So at my employer, we’ve recently switched to Scrum for our development purposes and the transition has been, difficult. It was easy to jump off the cliff, but were hitting every tree branch on the way down. I’ll have to write another post about all that, because I would never get to JSUnit if I blabbed on and on about Scrum.

To summarize that future post in short, we now have time and the will to accommodate Javascript testing, off I go to find a nice framework. There was two frameworks nicknamed JSUnit but only one seemed really professionally ready. So I installed, implemented, and experienced.

This review is made up of two separate but equally important parts, the bad, and the good, these are thier stories.

Da Dummmmm The Bad

  • Does not allow Remote Execution of local test scripts
    • Being a self proclaimed WebDev god, I really should be able to figure this one out exactly, though the only thing I’m able to deduce so far is that the security settings won’t let me run scripts from so many domains in the context JSUnit needs.

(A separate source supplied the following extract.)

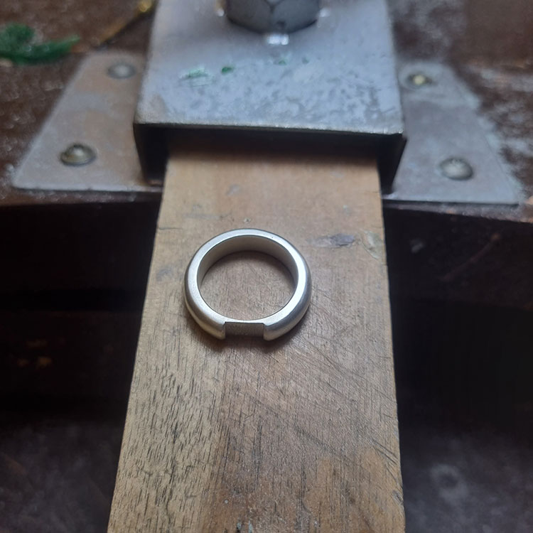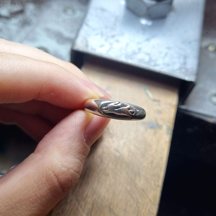 제가 맨 처음 작업한 작품입니다. 처음 갔을 때 반지가 가장 쉬울 줄 알고 단순한 모양의 반지를 먼저 만들고 싶었습니다. 그런데 제 손가락 크기에 맞춰 왁스도 파내야 하고, 균형 있게 두께를 맞춰 다듬어야 하니 생각보다 쉽지 않은 과정이었습니다. 제 작품 중에서 은을 비롯한 다른 재료들도 가장 많이 사용했습니다. 그래서인지 실제로 많이 묵직합니다.

This is a moderate hindrance as I wanted to be able to have the JSUnit test runner application to be run on one machine and I could tell everyone to navigate to this server to use it, but instead I had to get everyone to install the test runner themselves.
    • I was able to have the test pages reference the jsUnit application script remotely, this needed to be on every page and so its nice that it was able to be centralized.
  • Does not allow selection of tests, does not display names of tests run.
    • Am I spoiled by NUnit’s simple but informative layout? And it does list the names of the failing tests, with a button that you can press to see why it failed. But It still seems like, this should be a nice little UI that would show me all the info I need to get a clear picture on what happened in one glance.
  • Does
    not allow multiple pages to be run.

    • I’ve not digged into how JSUnit works, but being able to cue up a list of pages with tests on them would be very helpfull. This may also solve the issue with refreshing the page and losing the URL to your test page, irritating. Grrrr!
  • Total lack of ability test an Asynchronous operation.
    • This is the 06, I need to be able to unit test an AJAX call. Obviously I can make the call, but I can’t validate the results in any way.

The Good, Yaaaay!

  • Damn, that was kinda easy.
    • That great satisfied feeling was still there, it made the code super slim and easy, and it even made me modularize it to just about the right level.
    • Installation is almost to simple, I don’t think people around here feel like its a solid framework when you just have to setup a virtual directory, unzip and navigate to the test runner. Wheres the configuration file? Don’t I have to install some file I don’t know exists?
  • Pat on the back and a blind eye.
    • This process has been well recieved, those with a stake in the script have been very encouraging to me to get this implemented. Testing is excited that they will have additional coverage, that they don’t even have to write. Management is excited because they actually know the value of unit testing. Everyone else, well they don’t have quite the infatuation with Javascript as I do, and thier lust for this framework has been tempered so far. We don’t really have a lot of javascript projects going on right now, so that might change as the work comes along, but until then…
  • It does its job
    • For all the points against it for poor UI, its still doing a very good job at its core function, which is to unit tests javascript. I feel more comfortable now then I ever have about script in the past, and its never been cleaner.